Monza vs Thrifting
Waktu aku kecil sering mendengar Monza sebagai istilah pengganti barang bekas, tak terbatas pada baju melainkan bisa tas, sepatu, tali pinggang dan banyak lagi. Teman sekelas ku selalu punya barang branded dan dia bilang belinya di Monza. Bagi orang Sumatera Utara mendnegar Monza sudah paham bahwa itu adlaah barang bekas. Monza singkatan dari Mongonsidi Plaza, ya dulu di sana pusat penjualan barang bekas, meski bekas dulu haragnya termasuk mahal bila dibanding baju yang ku beli di Matahari Departemen Store.Â
Lambat laun image Monza memudar karena sudah tak sebagus dulu juga, namun akhir-akhir ini di berbagai platform khususnya Tiktok selalu ada saja Live dari Thrift store dan jelas tertarik ya melihat penjual mengiklankan berbagai pakaian branded dengan harga murah and looks like new.

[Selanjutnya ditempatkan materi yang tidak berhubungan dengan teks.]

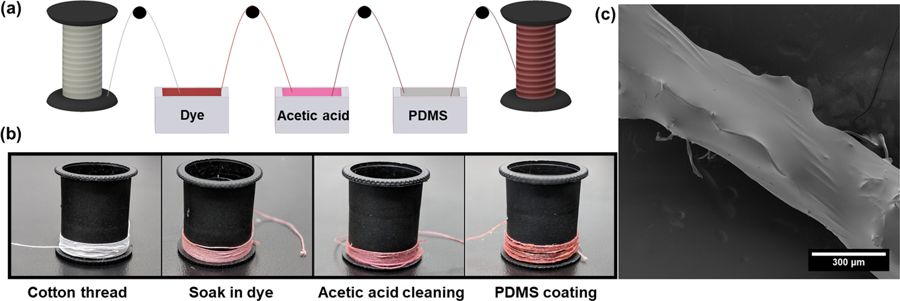 研究人员通过三个步骤的处理将染料“捕捉”到线中。首先,这种线被浸入染料中,然后用乙酸处理,使表面变粗糙并使纤维膨胀,这样会使染料与线之间产生更多的相互结合作用。最后,线会通过聚二甲硅氧烷(PDMS)处理,围绕着线和染料创造出一层柔性的物理密封,它也可防水以及防止染料在清洗期间被过滤掉。重要的是,PDMS 也是透气的,使得分析物可以接触到光学染料。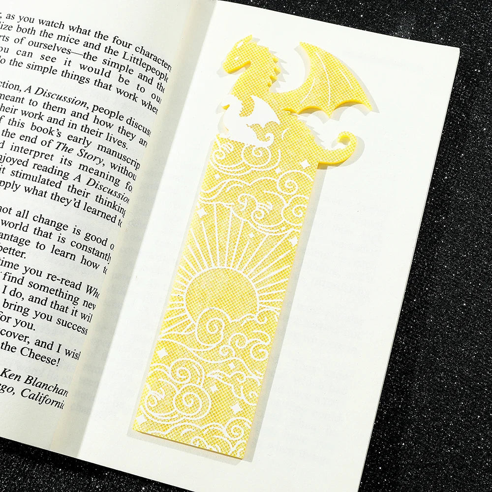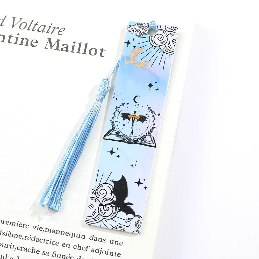 Add a touch of mysticism to your reading routine with this Gothic-style Fourth Wings Dragon Bookmark, featuring a gold and black dragon soaring through clouds and sun. A perfect gift for fantasy lovers and bookworms alike!

Kini Thrifting menjadi istilah bagi pakaian bekas, kebetulan istri temanku menjadi pelaku usaha thrifting sehingga dia kerap membawa dagangan istrinya ke kantor dan diserbu oleh karyawan karena memang bagus dan murah. Aku juga senang bisa mendapatkan baju hangat untuk anak-anak hanya dengan harga 25K saja, sementara bila aku membeli di sebuah toko branded harganya bisa 10x lipatnya so dalam keuangan yang pas-pasan namun ingin bergaya maka thrifting adalah salah satu solusi menurutku.
Benarkah Thrifting Mengganggu Produk UMKM?
Beberapa waktu lalu berita didominasi persoalan larangan thrifting oleh Pak Presiden, saat mendengar alasannya "membunuh produk UMKM" jujurly aku langsung tak setuju. Thrifting bukanlah satu-satunya penyebab produk UMKM tak laku. Pernah dengar ya pejabat membeli produk UMKM? Wah sebagai rakyat jelas aku juga tertarik namun begitu dicari tahu harga jaket produk lokal yang dibeli Pak Presiden ketika ada di Mandalika wow! Produk lokal itu nyaris dibandrol 1.5 juta! Wah sorry Pak aku gak senasionalis itu untuk merogoh tabungan demi sebuah jaket lokal.
Rerata fashion UMKM yang bagus harganya nggak murah, jadi ya wajar saja kalau Presiden sampai pejabatnya mampu beli produk UMKM ya monggo, bahkan konon daster yang ku beli 100 ribu untuk 3 potong juga datang dari china, yah meski nggak bekas tapi sama toh ini juga bukan produk lokal? Thrifting justru menjadi peluang bisnis bagi banyak anak muda saat ini, lagian pakaian bekas yang dimaksud juga menurutku bukan seperti apa yang tertuang dalam Undang-Undang Kementerian Perdagangan, namanya saja bekas tapi ternyata sebagian besar adalah produk yang tak lolos Quality Control makanya sebagian besar pengguna pakaian thrifting keberatan nih bila larangan ini diberlakukan.
Bagaimana Kalau Larangan Beli Barang Mewah?
Menurutku sih larangan thrifting tak efektif, tahukan ya ilmu  parenting bila dilarang maka akan ada selalu ada cara untuk menemukan jalan. Lagian yang kena dampak tetap saja rakyat kecil, yang punya usaha Thrifting juga rakyat yang berjuang untuk menemukan usaha yang murah modalnya namun bisa mendapatkan keuntungan yang OK, sementara itu kenapa tak mengeluarkan larangan untuk store branded yang harganya rerata hanya mampu dibeli oleh kalangan berduit.Â
Oh itu resmi ada devisa masuk? Nah kalau begitu mengapa pemerintah tak memikirkan regulasi terbaik untuk bisnis thrifting, daripada membuat larangan mungkin akan terlihat lebih bijak bila dibuatkan aturannya sehingga rakyat yang melakukan bisnis ini nggak merasa bisnisnya di rampas.
Toh pelaku UMKM dan Thrifting sama-sama rakyat Indonesia loh Pak! Janganlah lagi-lagi pepatah simiskin makin miskin nih nyata adanya, yang merdeka ya si kaya mau beli branded bisa sampai ke pabrik di negara lain, lah ya ini rakyatmu yang uangnya pas-pasan ya pengen pak pakai baju branded meski tak layak edar di pabriknya.
Lagian ya ikut bangga juga sih buat konsumen thrifting which is bukan sekedar mikirin harga yang murah tapi sebagian ada juga yang rela membeli pakaian thrifting demi mengurangi limbah tekstil, banyak loh pak usaha fashion yang udah mikirin bumi buktinya sekarang juga marak jasa penyewaan baju branded dan diminati karena prinsip menjaga bumi.